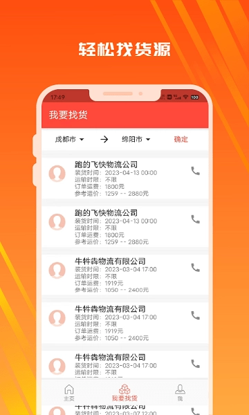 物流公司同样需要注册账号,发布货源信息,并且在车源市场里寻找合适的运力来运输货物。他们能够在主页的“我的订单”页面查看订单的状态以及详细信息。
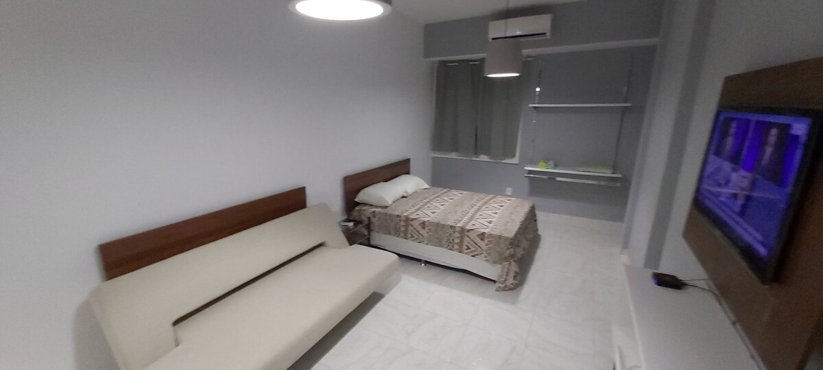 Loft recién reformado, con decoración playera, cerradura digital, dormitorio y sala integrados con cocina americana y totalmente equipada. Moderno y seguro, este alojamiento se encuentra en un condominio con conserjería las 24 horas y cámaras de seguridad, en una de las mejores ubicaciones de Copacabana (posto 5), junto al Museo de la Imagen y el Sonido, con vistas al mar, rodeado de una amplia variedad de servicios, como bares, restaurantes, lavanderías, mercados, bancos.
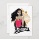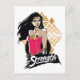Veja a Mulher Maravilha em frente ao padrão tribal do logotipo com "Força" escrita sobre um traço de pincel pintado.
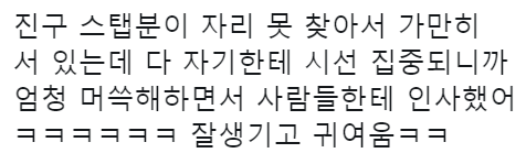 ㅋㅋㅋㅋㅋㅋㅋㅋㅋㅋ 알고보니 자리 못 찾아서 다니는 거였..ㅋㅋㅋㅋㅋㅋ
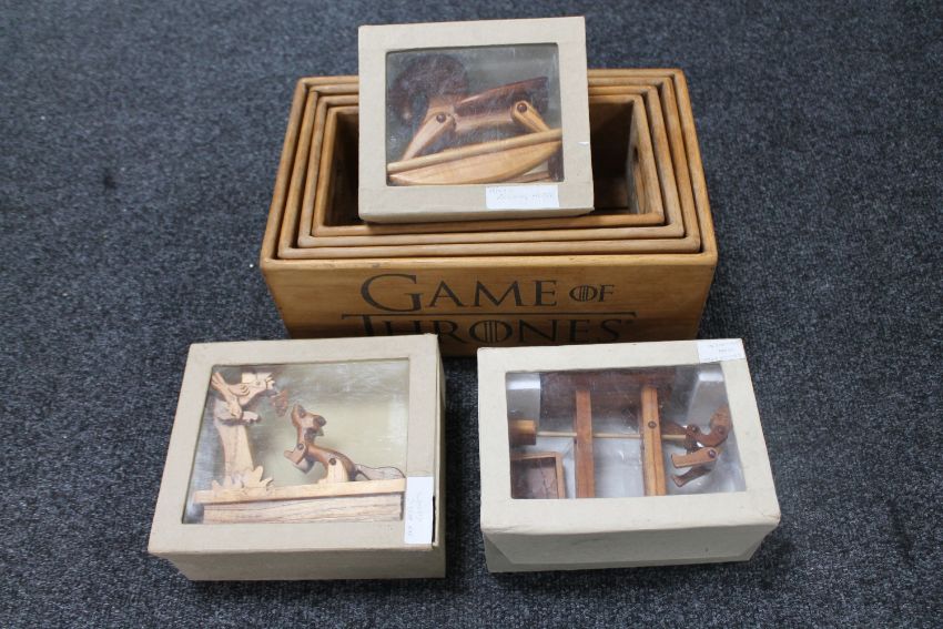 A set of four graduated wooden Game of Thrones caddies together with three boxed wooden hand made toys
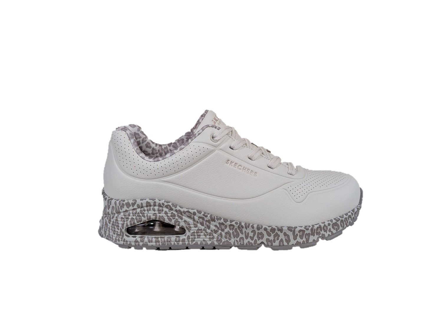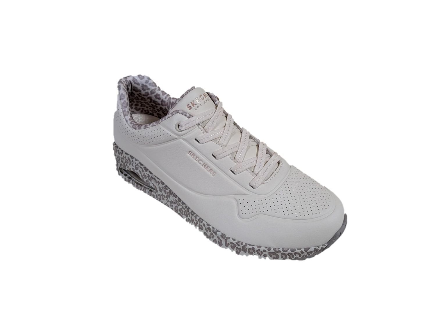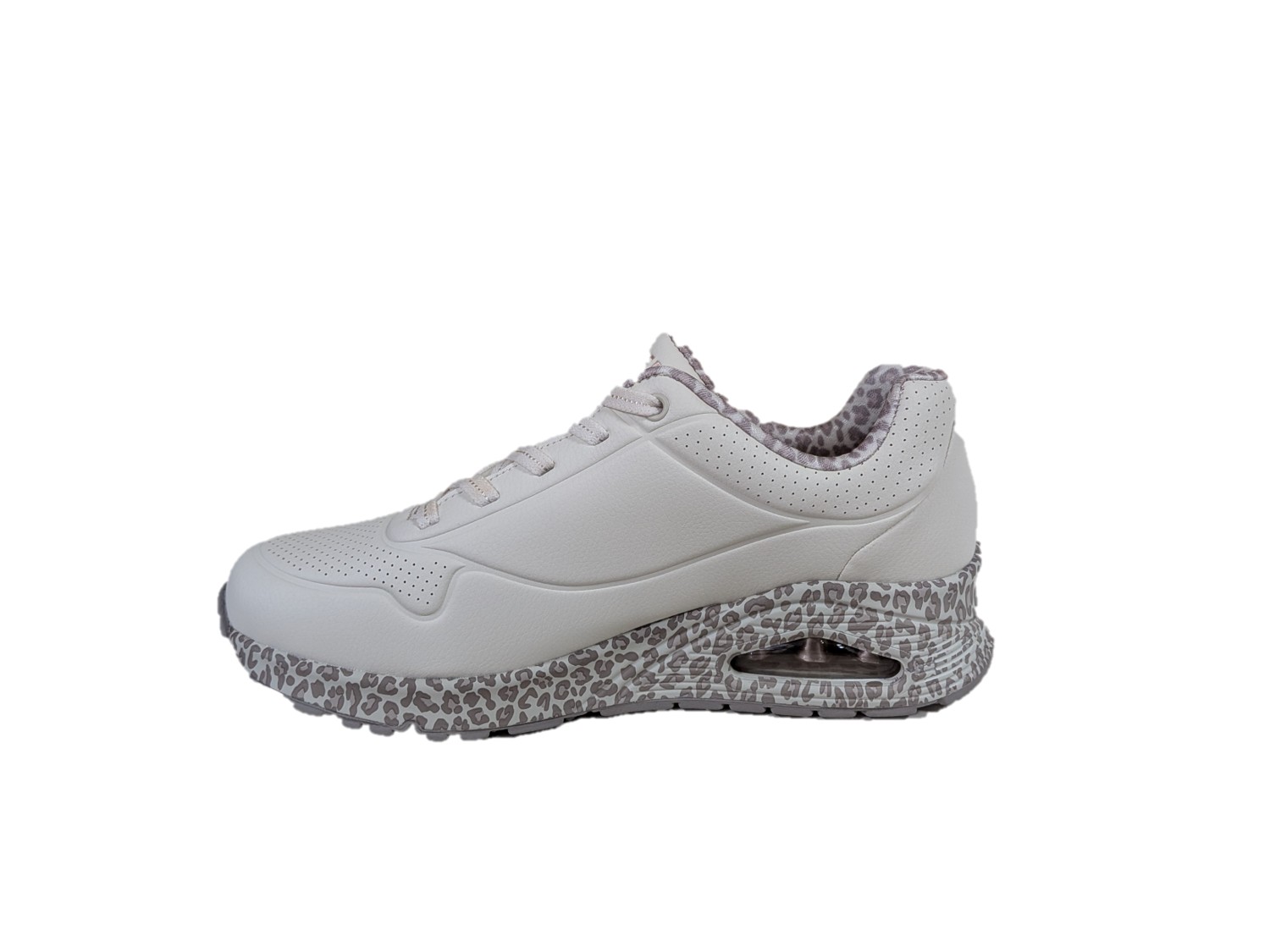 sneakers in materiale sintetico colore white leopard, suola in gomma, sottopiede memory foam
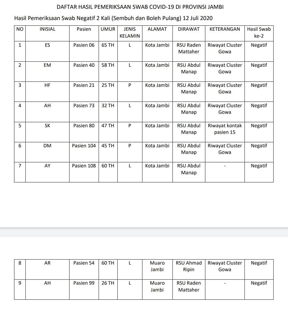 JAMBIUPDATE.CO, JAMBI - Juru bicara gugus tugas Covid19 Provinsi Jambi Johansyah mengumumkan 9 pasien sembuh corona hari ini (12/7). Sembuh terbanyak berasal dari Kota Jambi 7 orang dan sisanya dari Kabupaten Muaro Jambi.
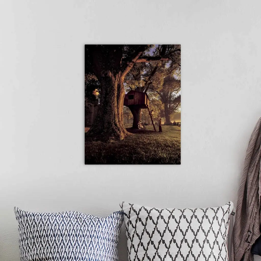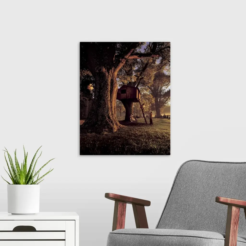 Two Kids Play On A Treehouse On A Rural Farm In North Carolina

**Work to complete**
Copy only what runs above from the line containing "A set of four" through the line containing "sneakers in materiale", exactly. Leave out the pictures.

**Your solution**
 A set of four graduated wooden Game of Thrones caddies together with three boxed wooden hand made toys
 sneakers in materiale sintetico colore white leopard, suola in gomma, sottopiede memory foam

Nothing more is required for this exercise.